▶ [The task] What you return should match the data below exactly, with no pictures in it.

▶ [Data section]
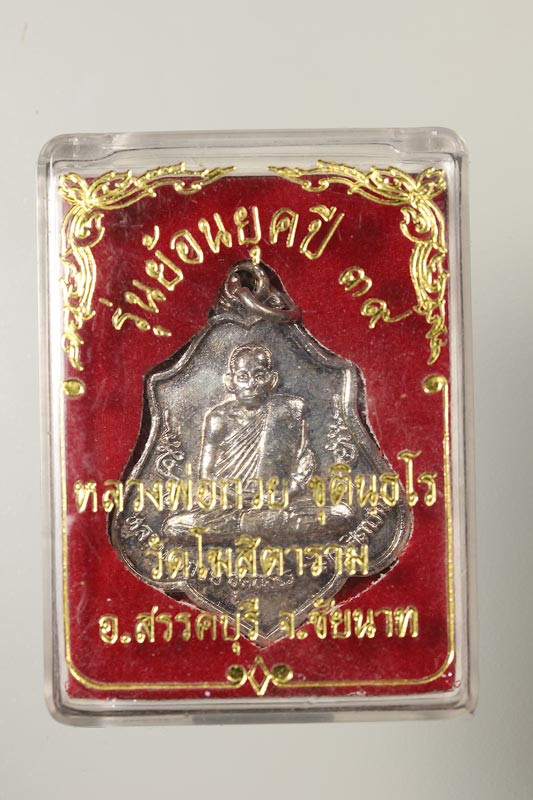 เหรียญหลวงปู่บุดดา ถาวโร วัดกลางชูศรีเจริญสุข จ.สิงห์บุรี (รุ่นพิเศษ-เทพเจ้าแห่งความร่ำรวย สภาพสวย หายาก นิยม กล่องเดิม) |
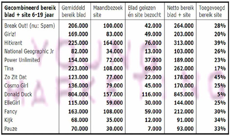 De aard van de titel is ook van invloed. Op jongerengebied is het toegevoegd bereik van de site bij bijv. Jetix Magazine (basis: tv) en Kidsweek (actualiteit) ook groter. Volgens mij zijn vooral degenen die beide media gebruiken interessant; dat versterkt je boodschap nog eens.
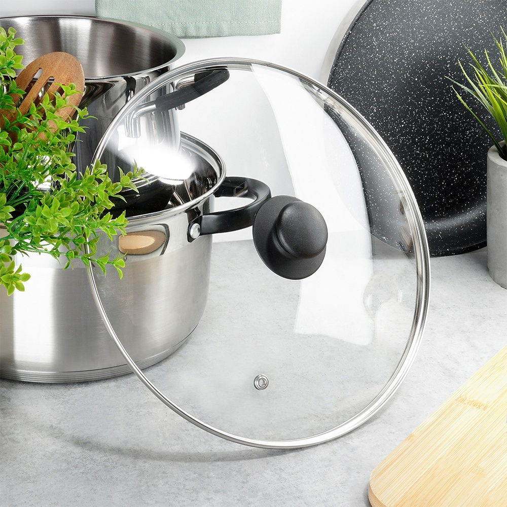 WYGODNA W UŻYTKOWANIU - Pokrywa wyposażona jest w wygodny uchwyt, który ułatwi jej zdejmowanie i przenoszenie. Wysoki rant sprawia, że pokrywka idealnie i szczelnie przylega do krawędzi naczynia. Nadaje się do mycia w zmywarce do naczyń.

▶ [Exercise output]
 เหรียญหลวงปู่บุดดา ถาวโร วัดกลางชูศรีเจริญสุข จ.สิงห์บุรี (รุ่นพิเศษ-เทพเจ้าแห่งความร่ำรวย สภาพสวย หายาก นิยม กล่องเดิม) |
 De aard van de titel is ook van invloed. Op jongerengebied is het toegevoegd bereik van de site bij bijv. Jetix Magazine (basis: tv) en Kidsweek (actualiteit) ook groter. Volgens mij zijn vooral degenen die beide media gebruiken interessant; dat versterkt je boodschap nog eens.
 WYGODNA W UŻYTKOWANIU - Pokrywa wyposażona jest w wygodny uchwyt, który ułatwi jej zdejmowanie i przenoszenie. Wysoki rant sprawia, że pokrywka idealnie i szczelnie przylega do krawędzi naczynia. Nadaje się do mycia w zmywarce do naczyń.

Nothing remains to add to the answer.